Los chachos de las películas son empáticos y se ganan el afecto de todos, porque por duros que parezcan, siempre demuestran que tienen un corazón dispuesto para las causas justas. Terminan siendo héroes por defender a los más humildes, incluso enfrentando al sistema político que los rige. Tienen la capacidad de equivocarse y también de corregir,  y aunque no consigan sus objetivos, hacen suya la impronta de ganadores. 

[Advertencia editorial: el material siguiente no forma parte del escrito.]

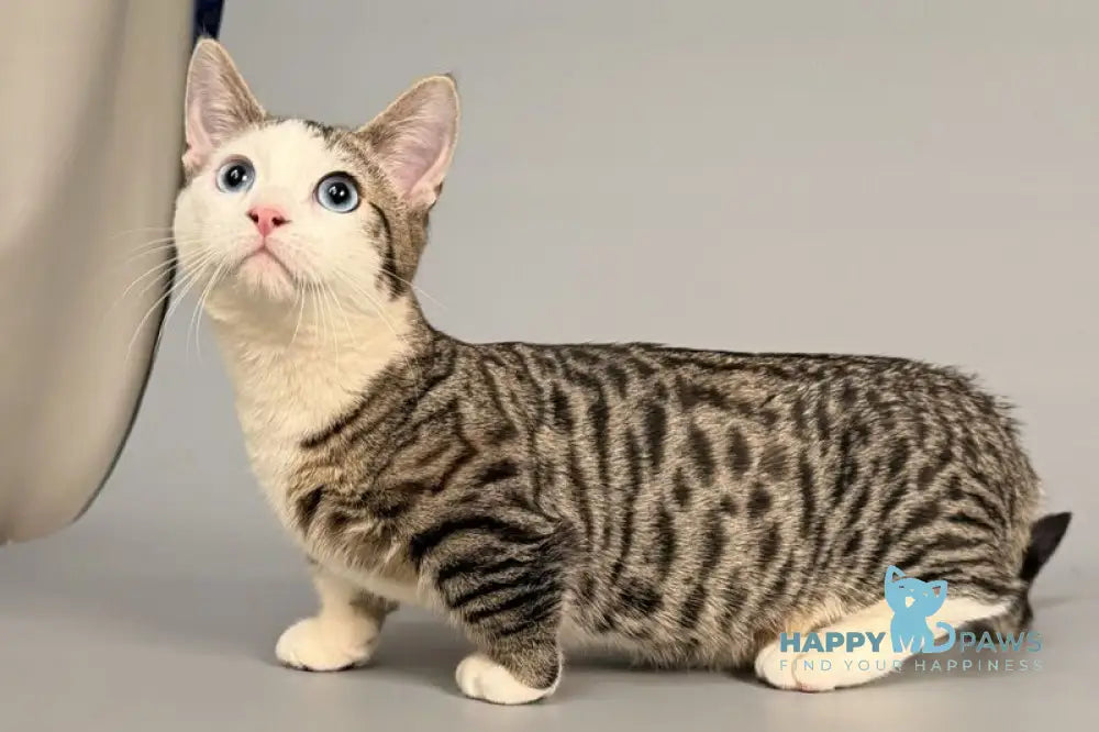 Meet Nemoir, a striking male Munchkin with a captivating black spotted tabby bicolour coat. This breed combines the distinctive short legs characteristic of Munchkins with an eye-catching pattern featuring bold black spots and markings against a lighter base. Nemoir's unique coloration and compact frame make him a visually distinctive companion. Munchkins are known for their playful, curious nature and surprising agility despite their short stature. This particular specimen's bicolour pattern adds to his appeal, creating natural contrast that highlights his alert expression and engaging personality. Ideal for those seeking a cat with both aesthetic charm and an entertaining, interactive temperament.

La empatía es la capacidad de identificarse con alguien y compartir sus sentimientos, lo que se traduce en el sencillo axioma de “ponerse en los zapatos del otro”. En la función pública, este elemento es clave, pues hace que el pueblo te sienta como un igual, con jerarquía y autoridad, pero como uno de ellos. A las personas empaticas se les facilita el trabajo en equipo, la capacidad de liderazgo, las habilidades en la negociación y la atención al público.

Todos los gobiernos deberían dar valor al talante empático de sus funcionarios, pero la realidad expone que esta premisa hoy pareciera no tener importancia. No basta con señalar que representas a una generación distinta en la política; tienes que moverte como tal, hablar como tal y sobre todo, rodearte como tal. Es decir, hay que ser, pero también parecer. A veces, por el desespero de quedar bien con los padrinos económicos y políticos, se puede incurrir en el error garrafal de entregar la autonomía y la gobernabilidad y se designan profesionales muy preparados, pero sin las habilidades necesarias para ser servidores públicos. Esto tiene un agravante, cuando la lealtad de esos funcionarios se encuentra arraigada en los personajes que influyeron en sus nominaciones y no con el bien general.

El pueblo, a la larga, manifiesta su aceptación o reproche frente a los nombramientos que se hacen. Tener la sensibilidad como gobernante para olfatear cuando son bien recibidos y cuando no decantará en gran medida el éxito en la gestión de gobierno. Pero, si con tozudez, contrariando la voluntad popular, se mantienen altos dignatarios, cuyas expresiones y pronunciamiento generan crispación y desconfianza en la población, entonces también, se deben asumir las constantes manifestaciones de desaprobación de las tareas que se acometan. 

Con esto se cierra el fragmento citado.